[Information supplied — start]

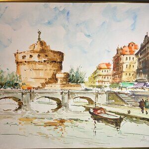 Selling an Original Signed Ponte St Angelo Rome Bridge and Castle Framed Watercolor Painting. It measures 20.25" (h) x 27.25" (w), and it's signed "Adams" on the bottom right corner. It's in Great Condition!
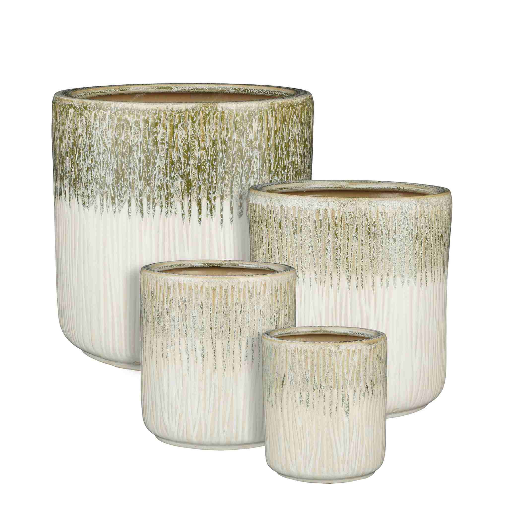 Mica Decorations Bloempot Lars - 29x29x29 cm - Keramiek - Groen- Set van 4
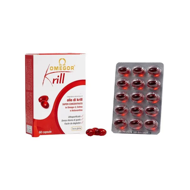 Integratore alimentare di puro estratto lipidico del crostaceo krill antartico (Euphausia superba) ricco in omega-3 EPA e DHA (260 mg x 2cps), fosfolipidi (660 mg x 2 cps), colina (82,6 mg x 2 cps) ed astaxantina (100 mcg x2 cps).
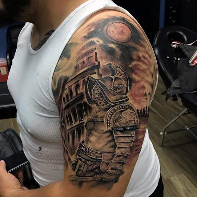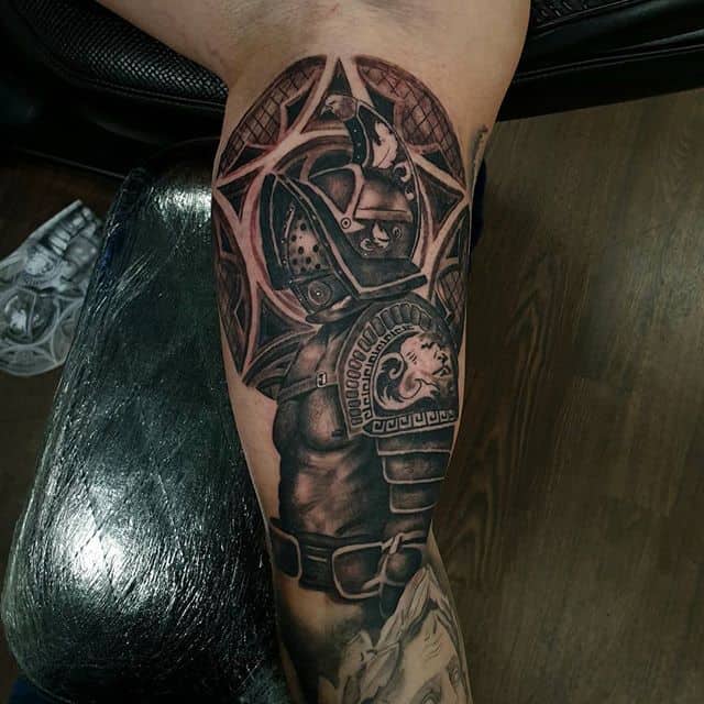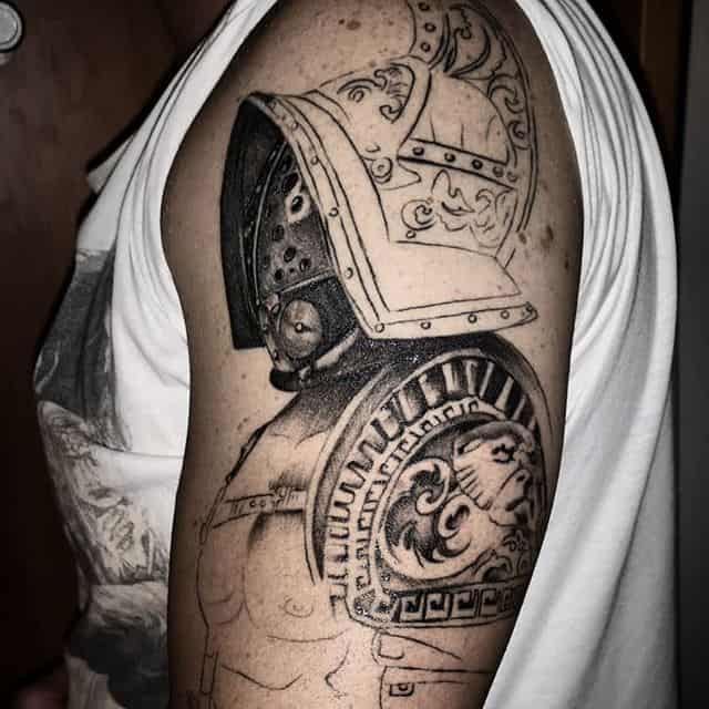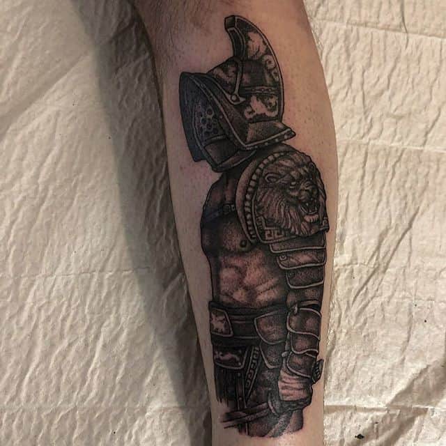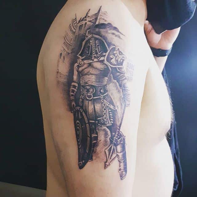 Досить часто можна побачити наколку гладіатора на грудях, на нозі або на плечі. Такий малюнок дозволить похвалитися міцним і м’язистим тілом.
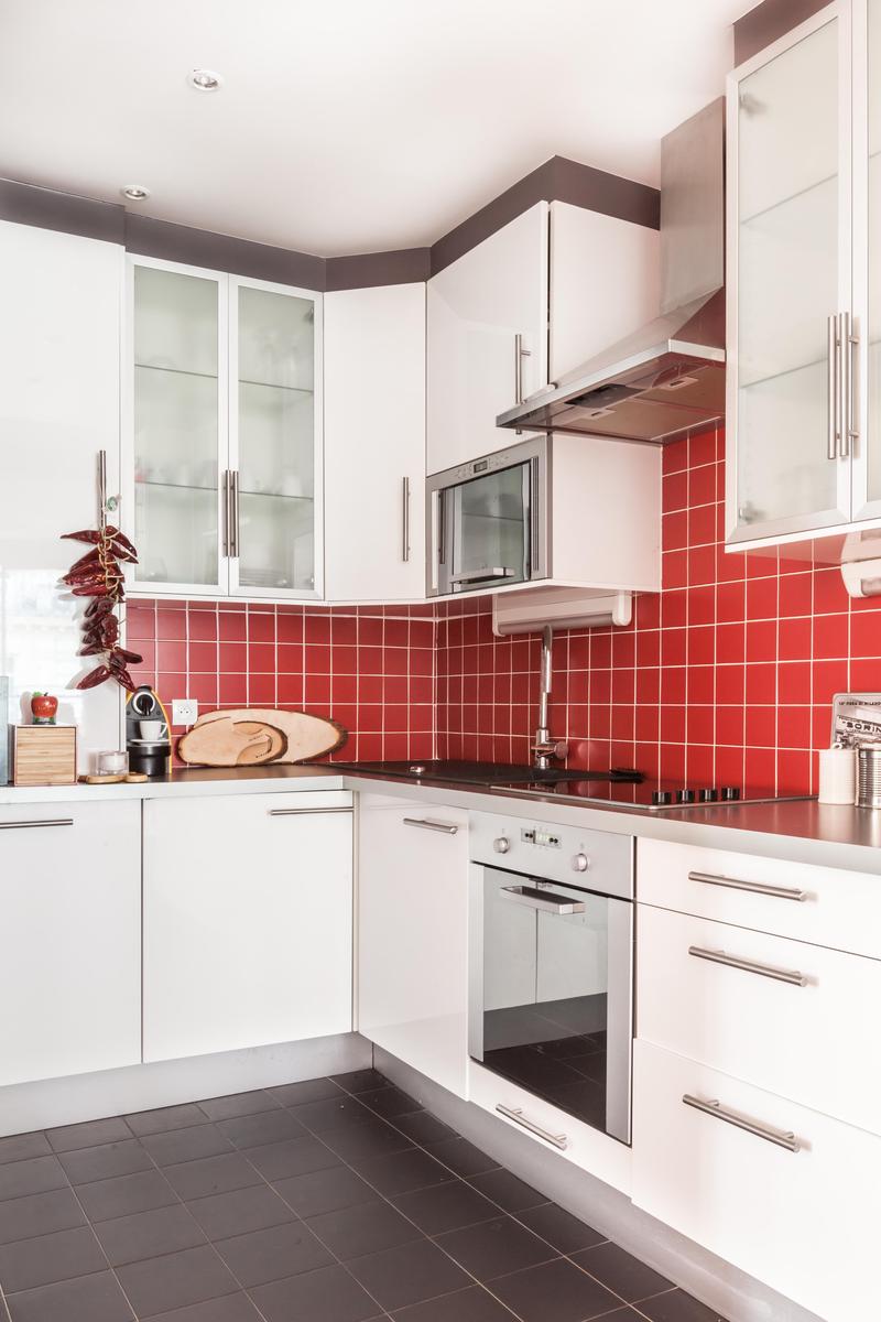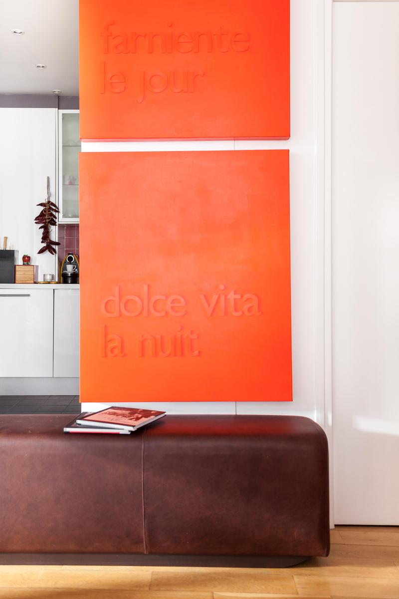 Les deux salles de bains sont toutes neuves dans un rouge fascinant, et la cuisine moderne est élégante avec du chrome poli. Et tandis que le balcon est luxuriant avec des éclats orange juteux, la chambre principale est toute rougeoyante dans un jaune soleil glorieux.

[Information supplied — finish]

(What to produce)
Would you reproduce each line of the material exactly, omitting the images?

(Task response)
 Selling an Original Signed Ponte St Angelo Rome Bridge and Castle Framed Watercolor Painting. It measures 20.25" (h) x 27.25" (w), and it's signed "Adams" on the bottom right corner. It's in Great Condition!
 Mica Decorations Bloempot Lars - 29x29x29 cm - Keramiek - Groen- Set van 4
 Integratore alimentare di puro estratto lipidico del crostaceo krill antartico (Euphausia superba) ricco in omega-3 EPA e DHA (260 mg x 2cps), fosfolipidi (660 mg x 2 cps), colina (82,6 mg x 2 cps) ed astaxantina (100 mcg x2 cps).
 Досить часто можна побачити наколку гладіатора на грудях, на нозі або на плечі. Такий малюнок дозволить похвалитися міцним і м’язистим тілом.
 Les deux salles de bains sont toutes neuves dans un rouge fascinant, et la cuisine moderne est élégante avec du chrome poli. Et tandis que le balcon est luxuriant avec des éclats orange juteux, la chambre principale est toute rougeoyante dans un jaune soleil glorieux.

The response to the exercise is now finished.